# REQUIREMENT
Pictures should be left out while the data beneath this task is written out word for word.
··· DATA SECTION ···
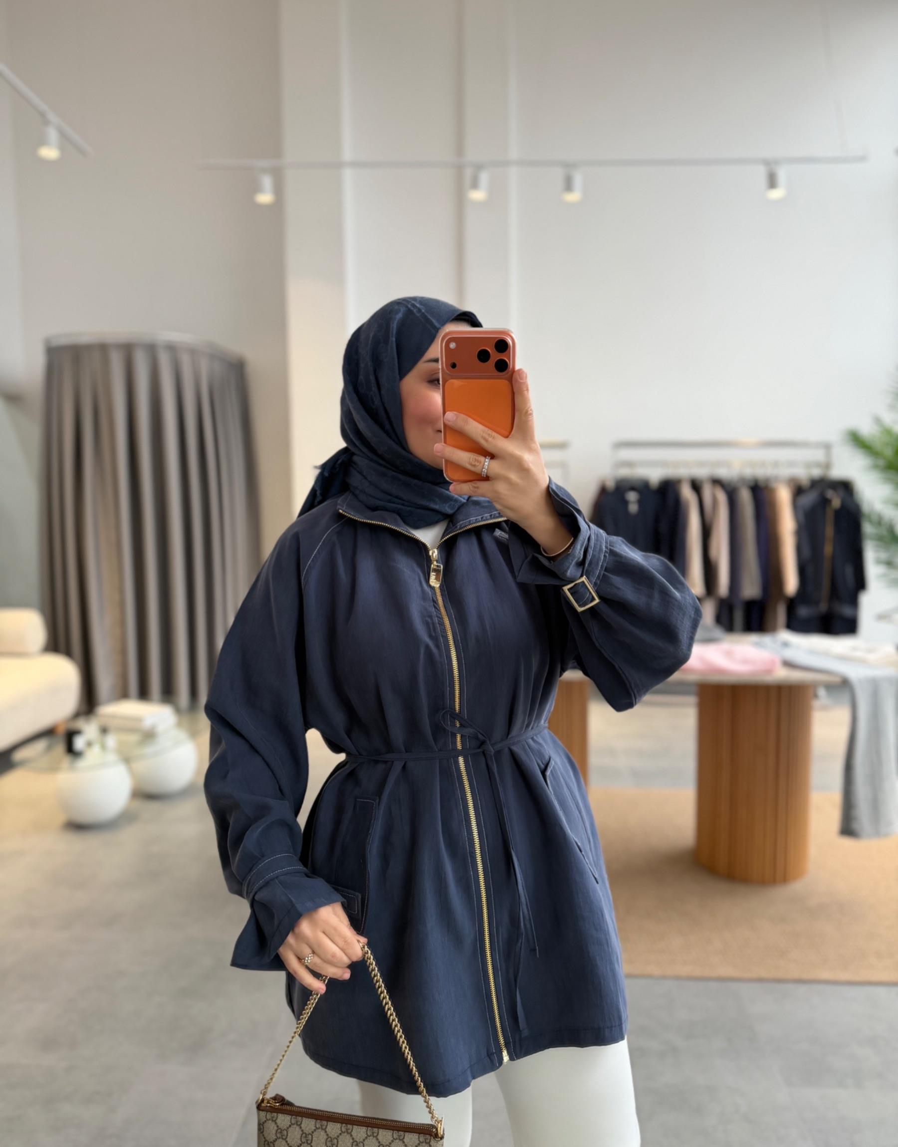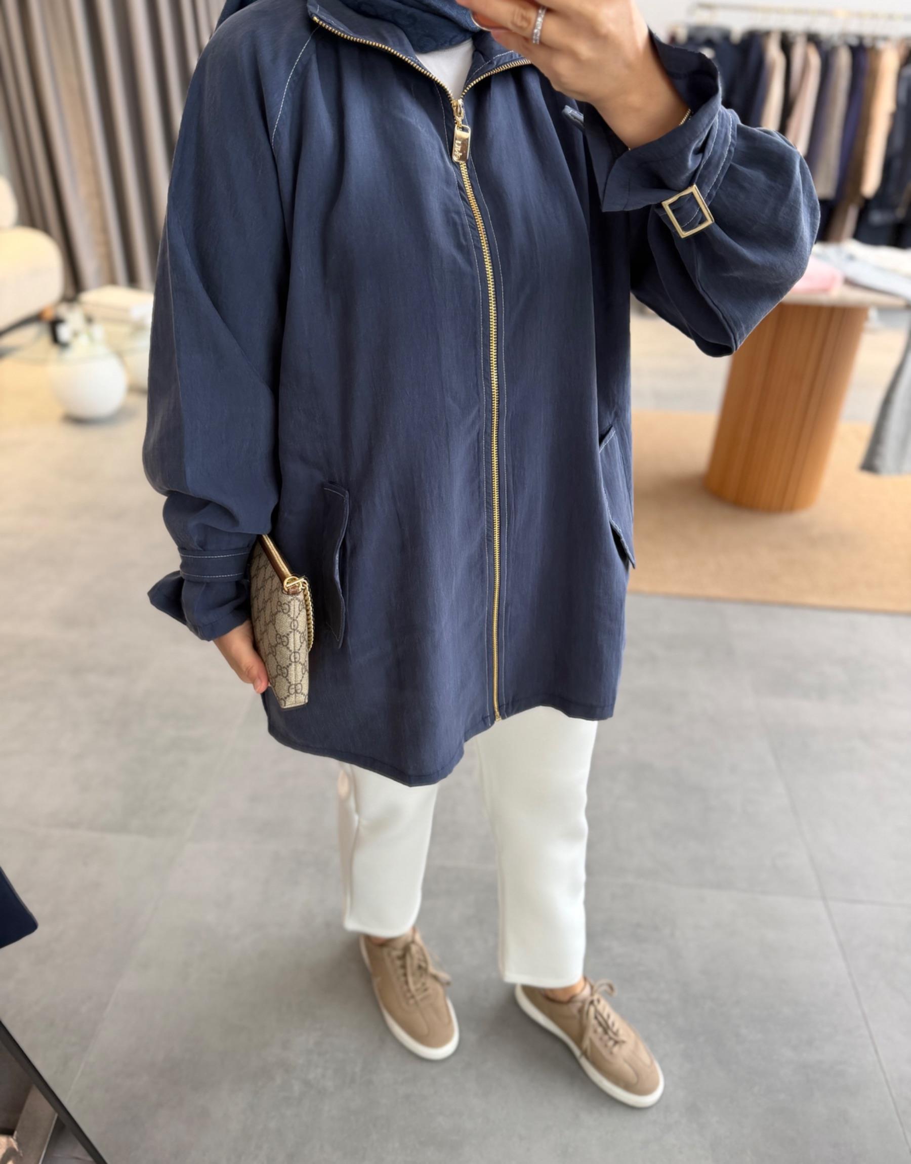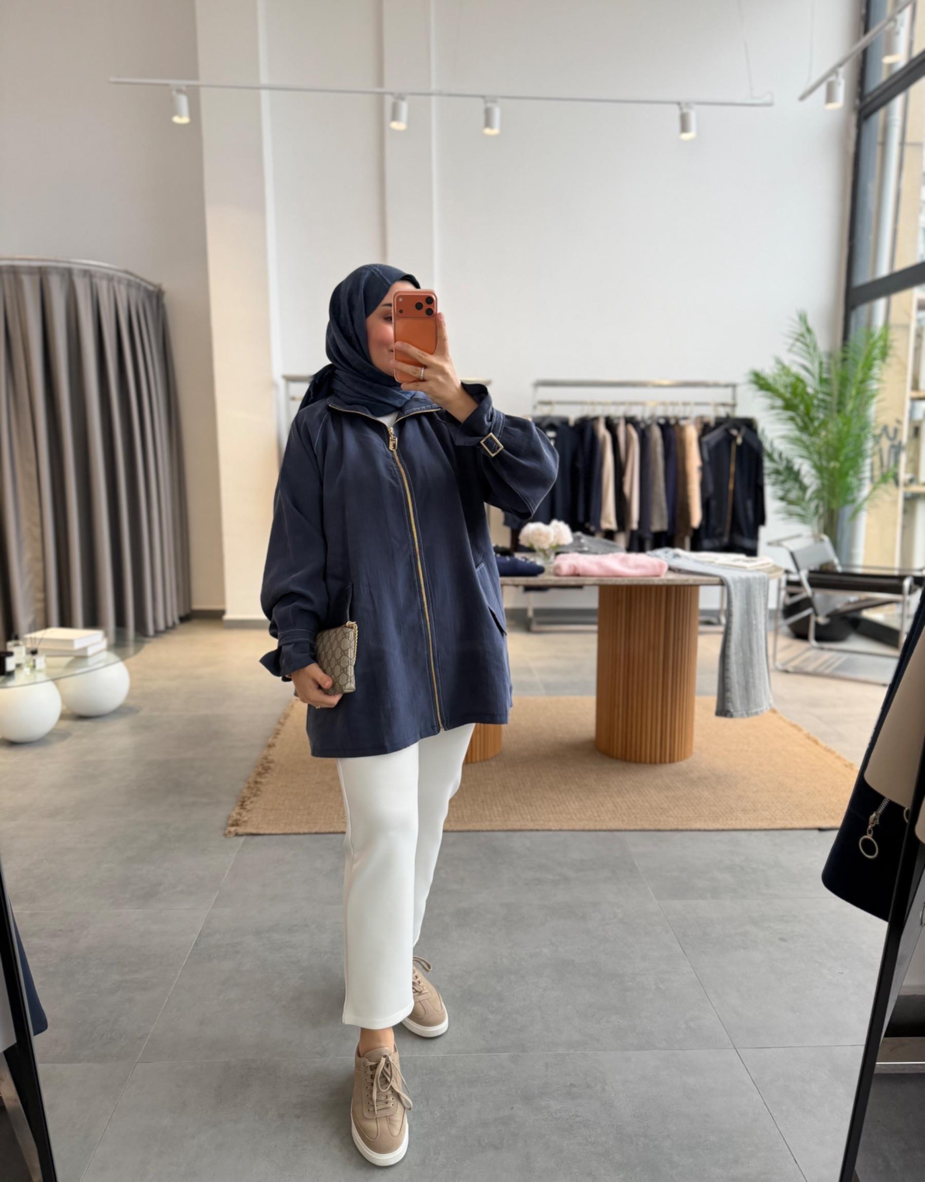 tesettur giyim Lacivert Apolet Detaylı Fermuarlı Ceket Butiköz
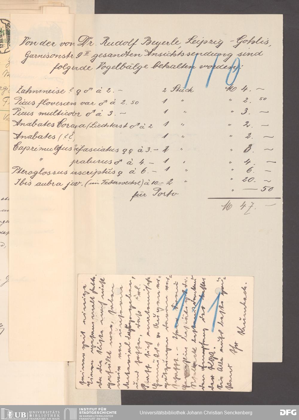 V176 Senckenberg Gesellschaft für Naturforschung, 131 - Ankauf und Tausch zoologischer Exponate, Bd. 2
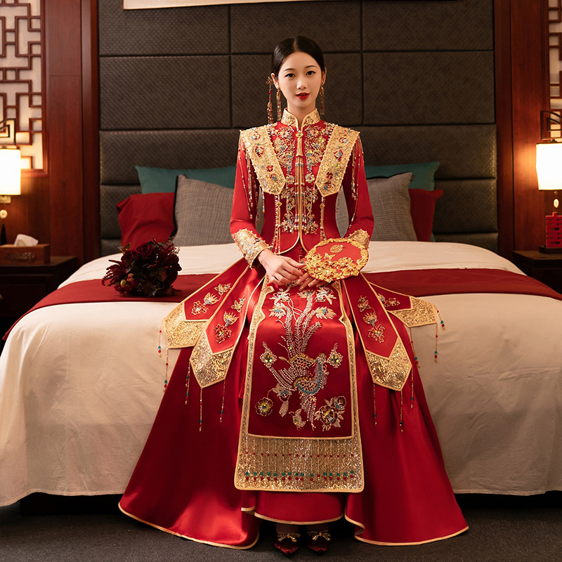 Pakaian Xiuhe Pakaian Pernikahan Gaya Tiongkok Pengantin Wanita Model Baru 2024 Pakaian Bersulang Pertunjukan Pakaian Kimono Musim Dingin Pekerja Berat Mewah Pria Kecil
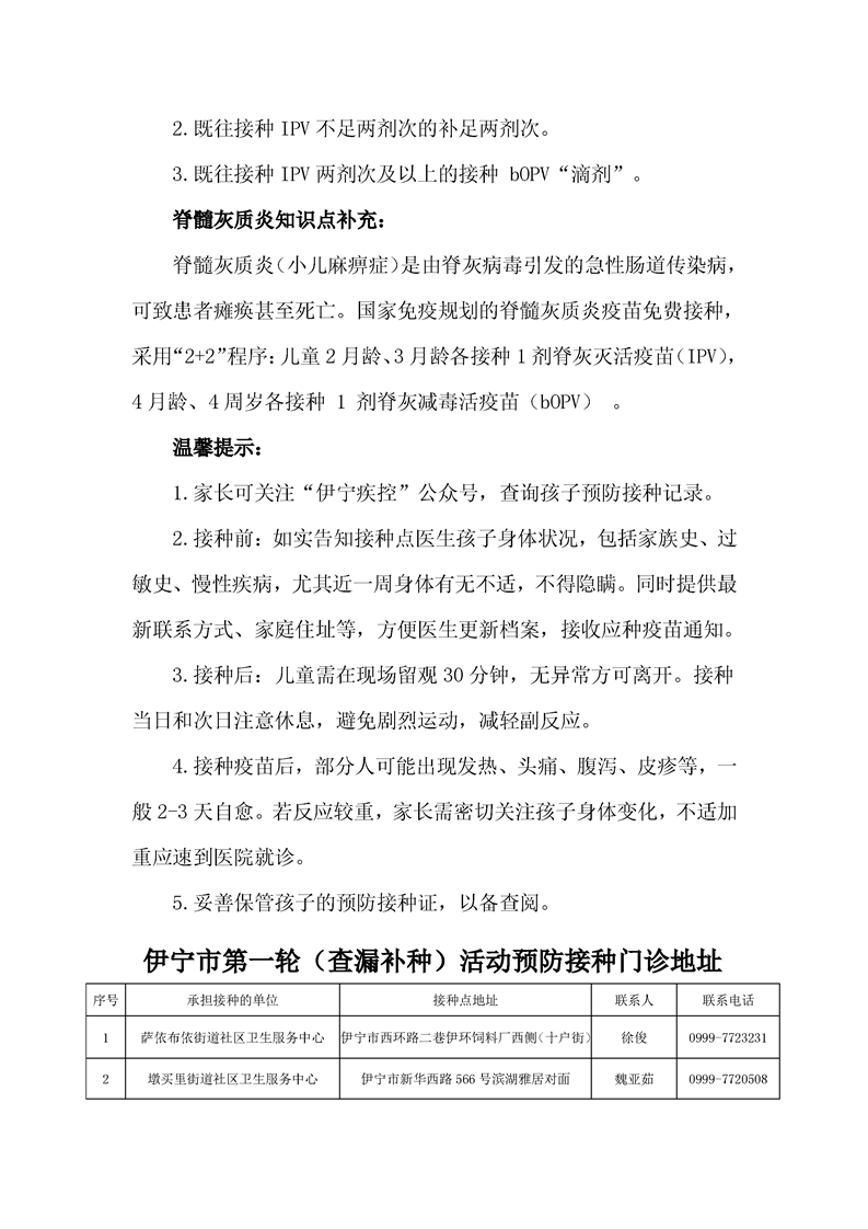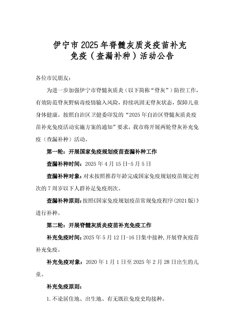 伊宁市2025年脊髓灰质炎疫苗补充免疫(查漏补种)活动公告
···
# OUTPUT FOR THIS TASK
 tesettur giyim Lacivert Apolet Detaylı Fermuarlı Ceket Butiköz
 V176 Senckenberg Gesellschaft für Naturforschung, 131 - Ankauf und Tausch zoologischer Exponate, Bd. 2
 Pakaian Xiuhe Pakaian Pernikahan Gaya Tiongkok Pengantin Wanita Model Baru 2024 Pakaian Bersulang Pertunjukan Pakaian Kimono Musim Dingin Pekerja Berat Mewah Pria Kecil
 伊宁市2025年脊髓灰质炎疫苗补充免疫(查漏补种)活动公告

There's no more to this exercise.